Солнце клонилось к западу. Над болотом поднимался легкий белый туман, мерин словно пробирался сквозь облака пара, на лицо и раны ложился холодный воздух, в ноздри бил запах осоки, терпкого багульника.
Они миновали лес, проехали наизволок к Алаянискому хутору. Ветхие лачуги, вытоптанный загон, сбитые ворота. В торце риги, обращенные к медному вечернему небу, стоят две старые березы, такие же, как лачуги, потрепанные и замученные кошмаром жизни, ветви полны ведьминых гнезд. Под забором, надежно защищенная от ветра, зеленела крапива. Паленогорские мужики въехали во двор. Там не было ни души.
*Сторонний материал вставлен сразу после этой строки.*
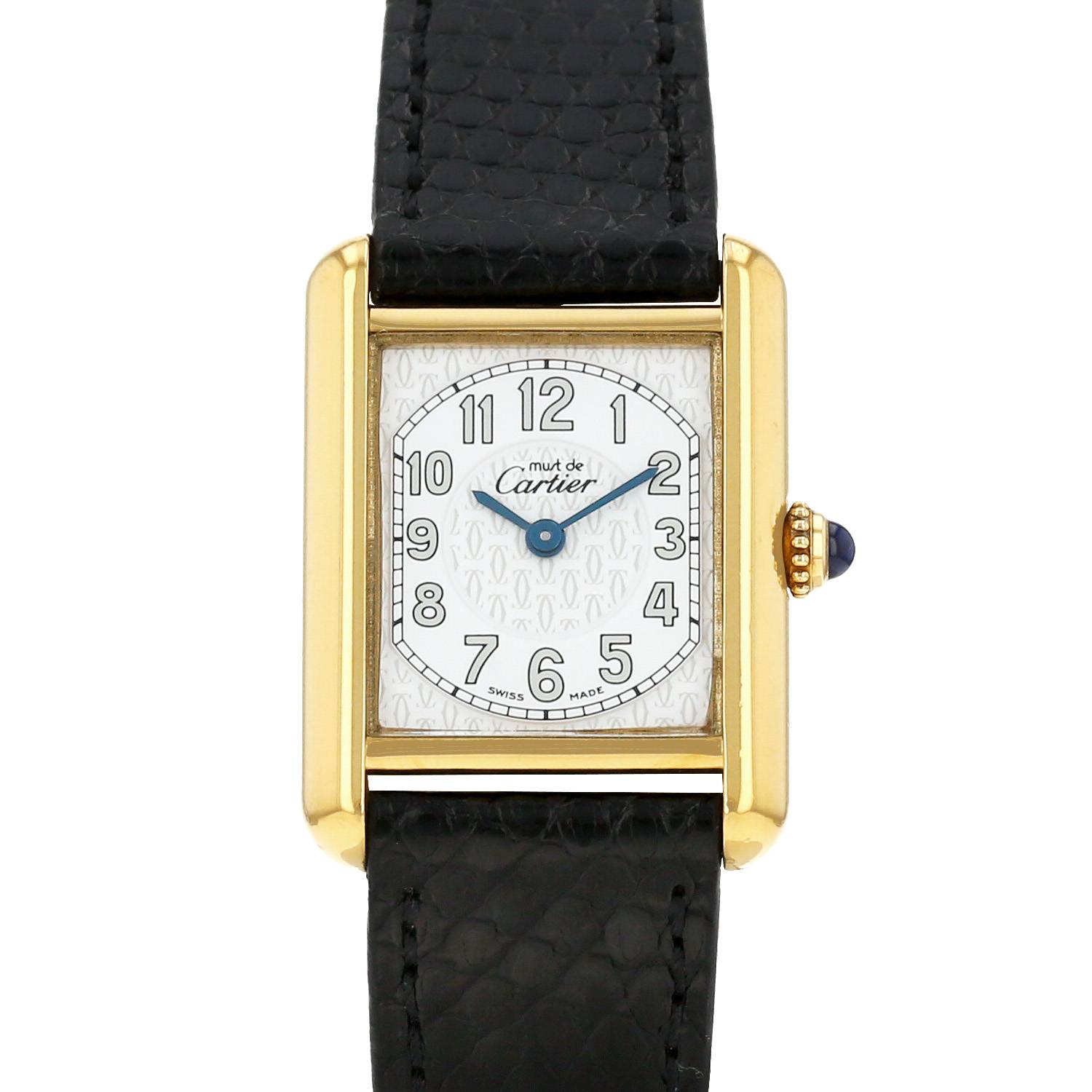 Reloj de pulsera Cartier Tank Must de plata dorada. Caja de reloj rectangular de plata dorada, fondo de caja enroscado, corona engastada con un cabujón de zafiro.

– Нет никакой надежды, никакой…
Из риги им навстречу поспешила, вернее, выбежала рослая баба – алаяниская хозяйка, седеющие волосы разметались по спине.
Что-то случилось.
Она запричитала издалека:
– Как хорошо, что вы заехали! Как хорошо! До чего хорошо, что вы заехали. А то ведь и помочь некому! Как хорошо…
И громко завыла.
Мерин остановился. Лалль продолжала шагать, пока не уткнулась мордой в задок телеги.
– На помощь! Помогите! Как же хорошо, что вы заехали! Одной-то мне не справиться! Ох, повесился! – охнула хозяйка.– И когда он только успел, всего какая-то минуточка, я в камору пошла в голове у дочки поискать, а он возьми да и повесься. Уже не раз грозился наложить на себя руки, да я все думала, поговорит и перестанет, мне и в голову не приходило приглядывать за ним, а он ишь что удумал, взял поводок и удавился, ему и горюшка мало, что с нами-то станется… Как хорошо, что вы пришли! Подсобите его на одр положить. Он там, в гумне, одна-то я боюсь…
Батрак слез с телеги.
– Хинд, а ты чего ж не идешь? Ведь это все твой отец, иначе разве бы он, покойная головушка, погнался бы за новой верой! Из-за нее все напасти-то и начались, он вроде рехнулся… Я его не пускала, мол, не ходи, да только где уж там, разве он меня послушает, того гляди кулаком огреет…
Хинд по-прежнему лежал в телеге, согнувшись в три погибели.
– Иди-иди, Хинд!
– Его высекли на конюшне,– кивнул батрак на хозяина.
– Что с того! Все равно пусть идет!
– Его только что высекли на конюшне, кровь вон капает,– повторил батрак.
На землистом лице хозяйки промелькнуло недоумение.
– Что ему сделается! Меня вон всю жизнь молотили. Что же – из-за этого дела несделанными оставлять? Бывало, надорвешься, подтянешь кишки ремнем да к шее привяжешь, никому и дела нет…
– Кто ж тебя колотил? – усмехнулся батрак.
– Будто не знаешь кто? – ответила хозяйка недоуменно.– А тот, кто в гумне висит!.. Без устали колотил и кулаками, и дугой, и вилами, да всем чем ни попадя…
И все-таки Хинд не слез с телеги, лишь обронил, что если Яак хочет, то пусть помогает, а он поедет домой.
ТЕНИ УПОКОЙНИКОВ
Неправедный мир, неправедные соседи.
Хинда больно задели слова алаяниской Мари. Теперь, значит, покойный отец виноват, что Мярт ходил веру менять. Когда один неурожайный год сменялся другим, когда вся Лифляндия бурлила и бродила, когда так много народу записалось в Тарту на помазание. Тогда говорили, говорят еще и сейчас, что кто, мол, в православие перейдет, тот освободится от барщины да тридцать рублей денег в придачу получит. Разница только в том, что теперь больше говорят, чем делают, не бегут сразу веру менять, а все больше выжидают и слушают с тревогой и надеждой, не дают ли где подушные наделы и деньги серебром.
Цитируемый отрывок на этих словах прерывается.